This chapter focuses on the debate over who can authorize humanitarian intervention in contemporary international society. The first section examines the Security Council’s role in authorizing the use of force and how in the post—Cold War period it has expanded its definition of threats to international peace and security to encompass humanitarian crises. In the next section, I analyze the legal and philosophical positions on “proper authority” and make two central claims: (1) that international law on the use of force suggests that interventions for humanitarian purposes currently require Security Council authorization; and (2) that the Council should be considered not as the “proper authority” for international society in matters of peace and security but rather as an entity whose pronouncements are “authoritative.” In the process, I suggest how the authoritativeness of the Council has been weakened by questions about representation and decision making, as well as by problems of capacity and delegation.
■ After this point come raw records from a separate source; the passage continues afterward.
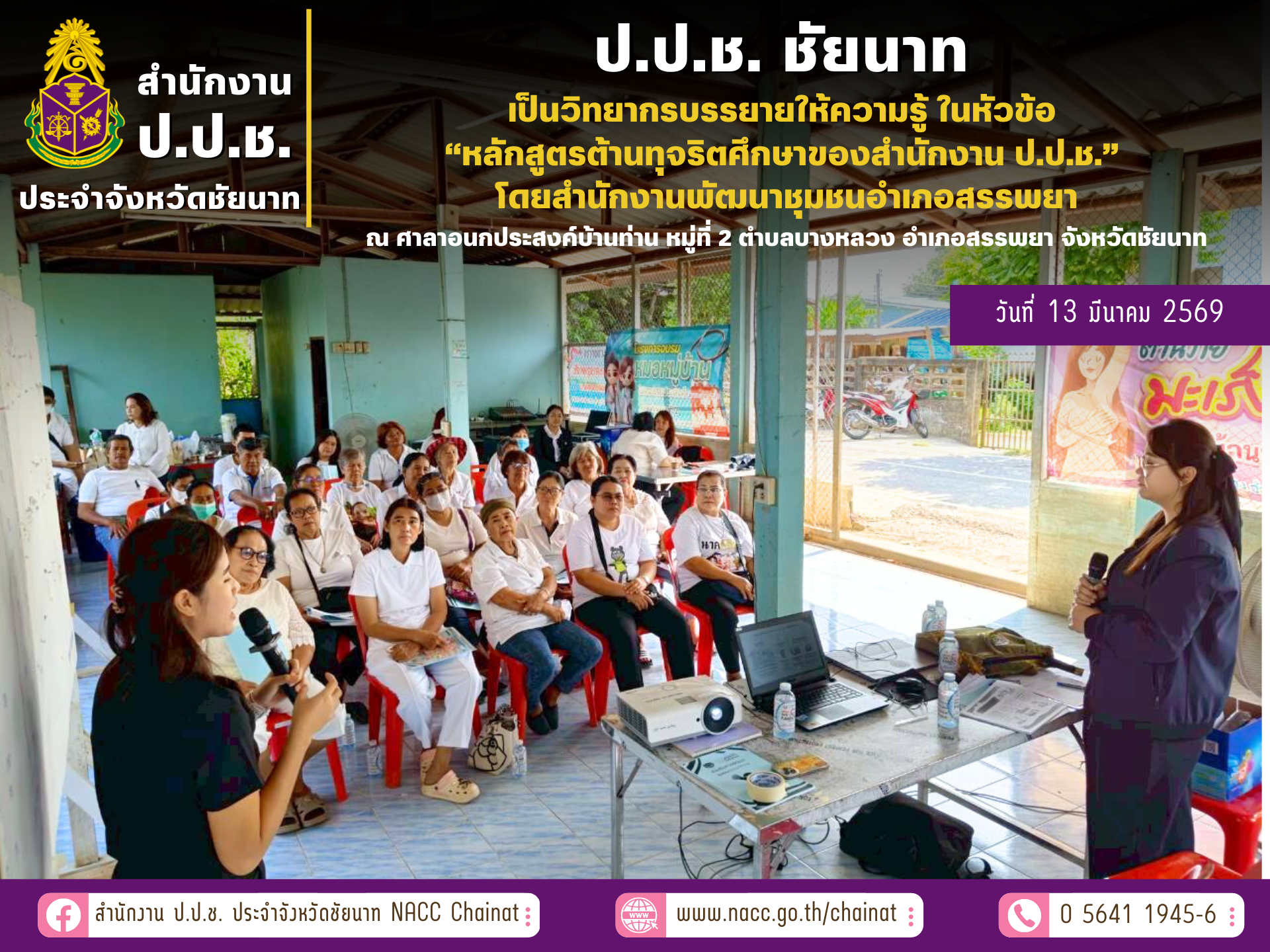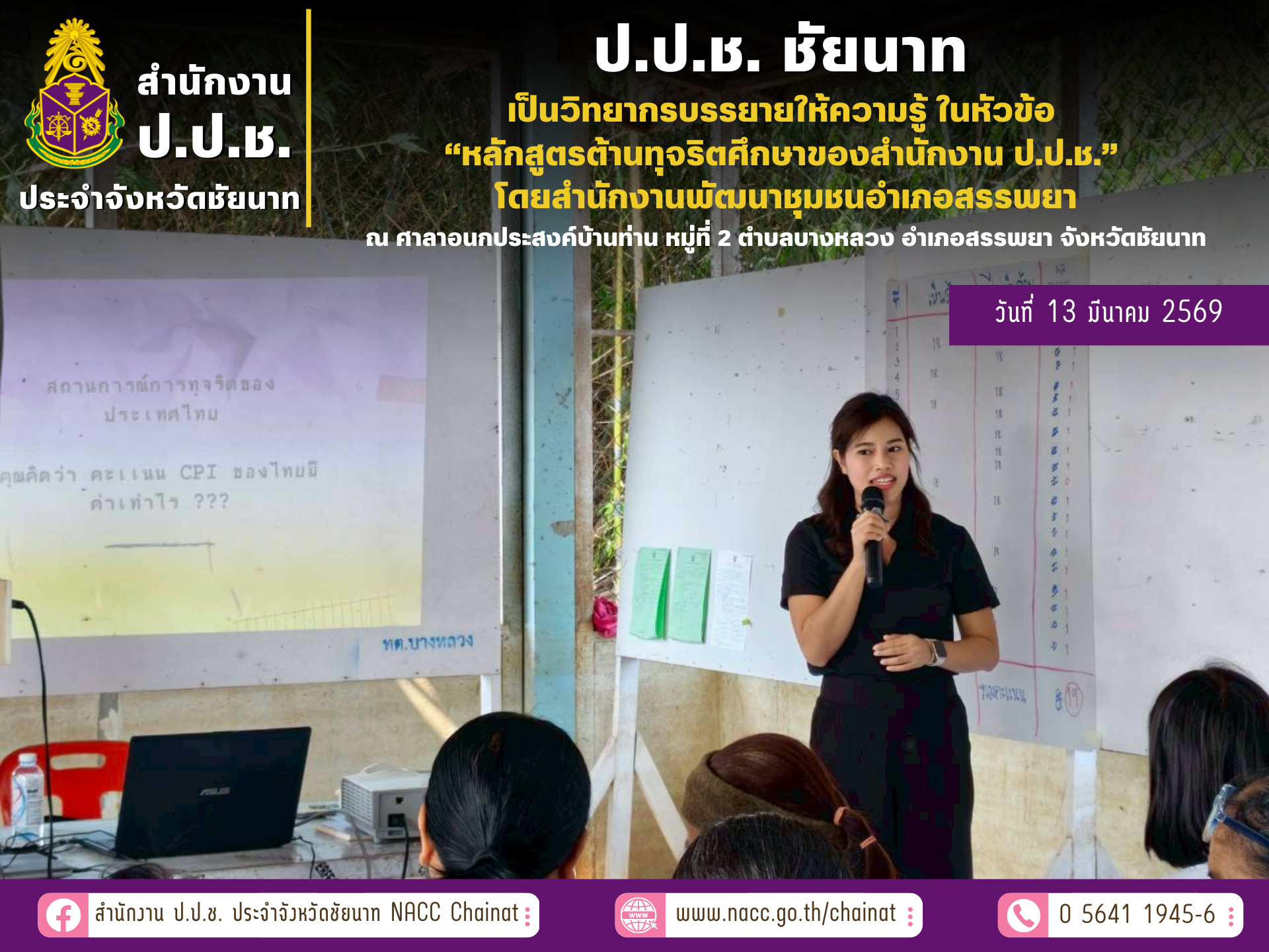 เมื่อวันที่ 16 มีนาคม 2569 ผู้อำนวยการสำนักงาน ป.ป.ช. ประจำจังหวัดชัยนาท มอบหมายให้เจ้าหน้าที่กลุ่มงานป้องกันการทุจริตเป็นวิทยากรให้ความรู้ใน โครงการส่งเสริมพัฒนาชุมชนธรรมาภิบาล สำนักงานพัฒนาชุมชนอำเภอสรรคบุรี โดยบรรยายให้ความรู้ในหัวข้อ หลักสูตรต้า...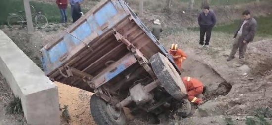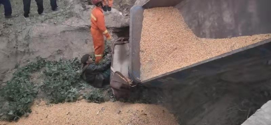接警后,鄲城消防大隊(duì)立即出動(dòng)3輛消防車15名指戰(zhàn)員前往處置。經(jīng)偵查發(fā)現(xiàn),側(cè)翻車輛是一輛農(nóng)用三輪車,車上拉有約2噸散裝玉米。現(xiàn)場(chǎng)玉米灑落一地,駕駛員約六十歲,左腿被農(nóng)用三輪車前輪壓住,無(wú)法脫身,加之即將天黑,當(dāng)時(shí)天氣較冷,如不及時(shí)處置,后果不堪設(shè)想。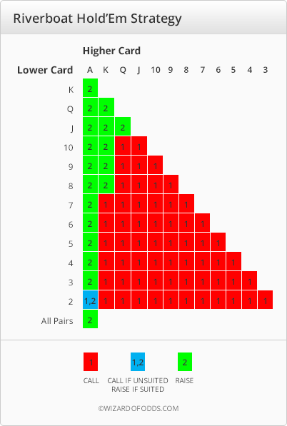 निम्नलिखित तालिका खिलाड़ी के शुरुआती दो कार्डों के आधार पर सर्वोत्तम रणनीति दर्शाती है। फोल्ड करने का कोई कोड नहीं है क्योंकि खिलाड़ी को ऐसा कभी नहीं करना चाहिए।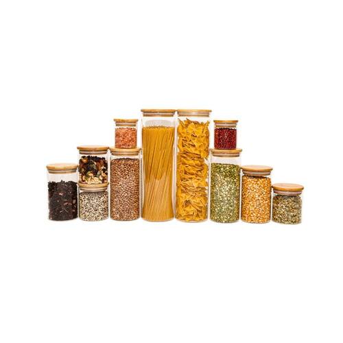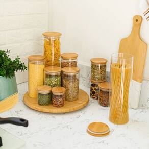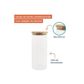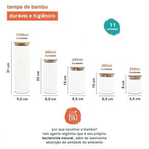 Características: Conjunto com 11 potes em 5 tamanhos funcionais; Vedação hermética com anel de silicone; Tampas de bambu planas e seladas, resistentes à umidade; Vidro borossilicato resistente a choques térmicos; Design transparente para fácil visualização do conteúdo; Versáteis para alimentos, mantimentos e decoração;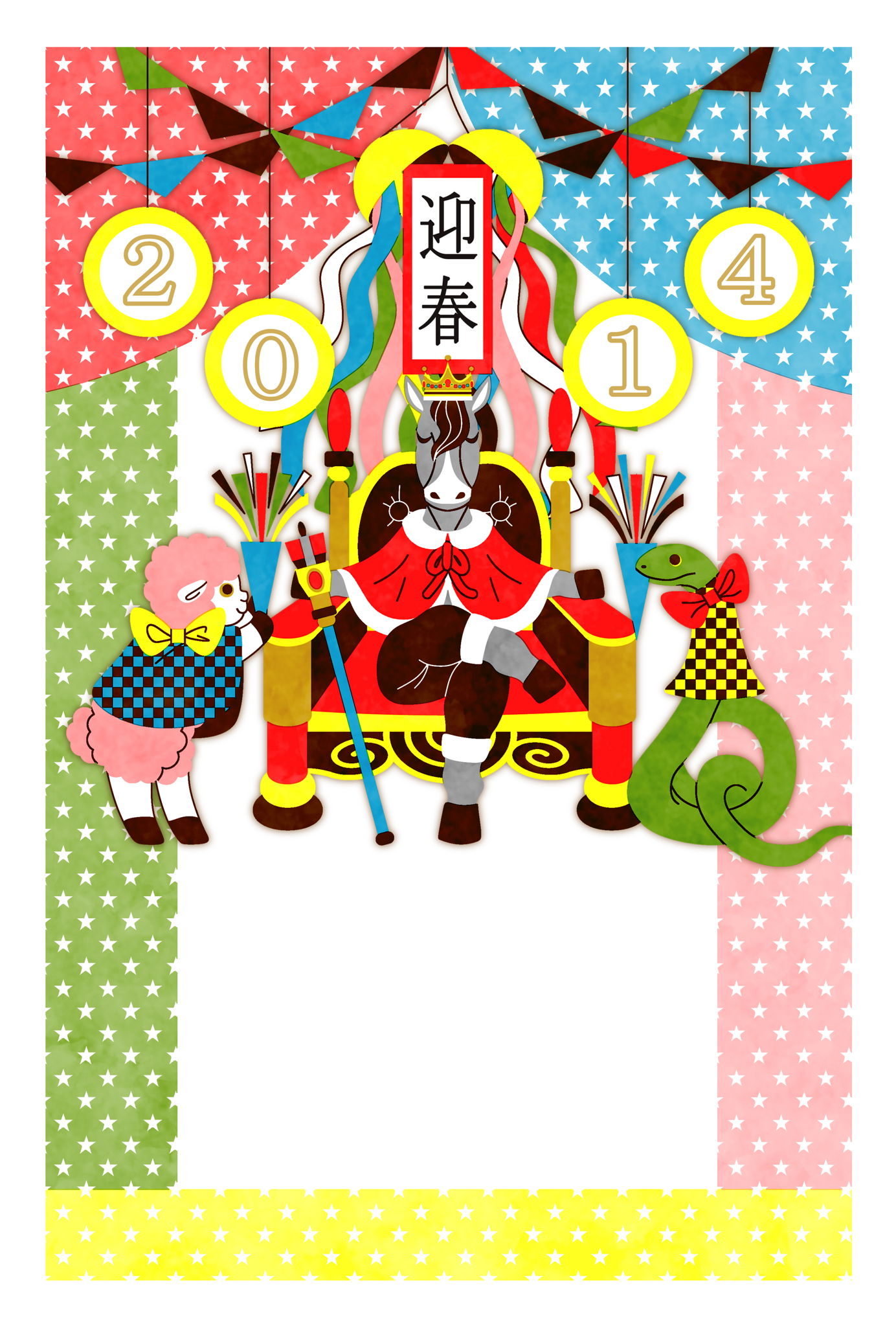 午年 午 馬 羊 蛇 かわいい イラスト デザイン テンプレート 年賀状

The third section focuses on the politics of authorization and identifies the actors in contemporary world politics who hold various positions on the value of and need for Council authorization. I conclude with an analysis of the implications of the debate on authorizing humanitarian intervention for our understanding of the role of the United Nations (UN) in global security and the state of global multilateralism, more generally.

Among statesmen, the lovers of naked power are far less typical than those who aspire to clothe themselves in the mantle of legitimate authority; emperors may be nude, but they do not like to be so, to think of themselves so, or to be so regarded.

—This Claude, 1966

I would like to thank David Malone, Nicholas Wheeler, and the editors of this volume for helpful comments on an earlier version of this chapter.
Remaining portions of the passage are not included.